At his best, Dixon was no more than patronizing in his attitude toward blacks. Yet there are several black characters in Southern Horizons who are treated relatively sensitively. There is Aunt Barbara, Dixon’s saintly nurse, so steeped in Biblical idiom and cadence that it was her everyday speech. There is Dick, an engaging rapscallion, the companion of Dixon’s youth. There is Nelse, loyal servant of Dixon’s grandmother, who threw a hatchet at the officious Freedmen’s Bureau agent who tried to cajole him into leaving his old mistress. And there is this inspiring story of the loyalty of Dixon’s father’s slaves: In 1863, a few months before Dixon’s birth, the elder Dixon sold a plantation in Arkansas and determined to move his family back to Carolina. He had declined an offer of $100,000 in gold for the slaves, feeling a responsibility for their welfare. For the trek east, some of the slaves were mounted and armed and entrusted for safekeeping with shares of the gold from the sale of the plantation. Passing through territory traversed by Union armies, they had every opportunity and incentive to leave, yet they performed all the tasks assigned them and saw the family safely to the old home in Carolina.

It must not be supposed that Dixon was a partisan of the “Old” South. He was a “New” South booster, deprecating farm life and favoring industrial development. He considered himself thoroughly modern and up-to-date and he displayed a distressing tendency to bend in the breeze of all the pseudo-progressive “isms” of his day. One suspects as well that whatever record he has left of his theological thought should not be examined too closely for the consistency of its orthodoxy. Dixon always proclaimed his high regard for Lincoln — and for Eugene V. Debs. He held Theodore Roosevelt in esteem for his reform work in New York; “TR” was the first Republican Dixon ever voted for, after quite an ordeal of conscience. He rejoiced that there came another Roosevelt — a Democrat — for whom he could vote more naturally.

Dixon had a fairly wide acquaintance among famous people, and was not shy about using his contacts for advantage. He got John D. Rockefeller, Sr., to support his church-building plans in New York City. He called on his fellow North Carolinian Walter Hines Page for aid in publishing his first novel. And he turned to the President of the United States, Woodrow Wilson, for help in gaining an audience for “The Birth of a Nation,” confident that Wilson would remember that Dixon had been instrumental in getting him an honorary degree from Wake Forest College when they both were young men.

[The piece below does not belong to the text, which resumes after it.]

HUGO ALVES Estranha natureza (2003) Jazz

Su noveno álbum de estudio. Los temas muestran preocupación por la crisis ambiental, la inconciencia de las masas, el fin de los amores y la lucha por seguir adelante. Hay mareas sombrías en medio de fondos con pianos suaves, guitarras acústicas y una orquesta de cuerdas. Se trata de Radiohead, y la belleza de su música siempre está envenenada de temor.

Southern Horizons is of uneven literary quality, yet there are memorable, colorful episodes on almost every page. With her pipe and toddy close at hand, Dixon’s nonagenarian grandmother spins tales of the Revolution — the one that succeeded. There is a poignant story of Dixon’s first puppy love. A wilful young Dixon experiences fierce conflicts with his father. A Boston hotel refuses to allow Dixon and his family to register with their black nurse. A thrifty old gentleman, wary of unsound money from bitter experience, makes a loan to his pastor, asking to be repaid in bills and coins of the same denomination as each of these he is parting with. There are long, lyrical passages on Dixon’s sporting life in Tidewater, Virginia, and hilarious glimpses of what once passed for “advanced thought.”

The reader should be warned that this book has come from the hands of editors who, although they are to be commended for patching together a coherent text, felt compelled to add somewhat irrelevant prefatory notes and off-the-point appendices seeking to set Dixon in his context — that is, to explain away his fixation on the wrongs of Reconstruction. But that fixation is precisely why this book should be read by those who would understand the extraordinary solidarity and cohesion of the South in the decades following Appomattox. Southerners had come through a hellish experience and were determined that it should not recur. It is a lesson and a warning that, ominously, is increasing in relevance today.


Stephen P. Smith

Stephen Page Smith is an attorney and independent scholar in Virginia.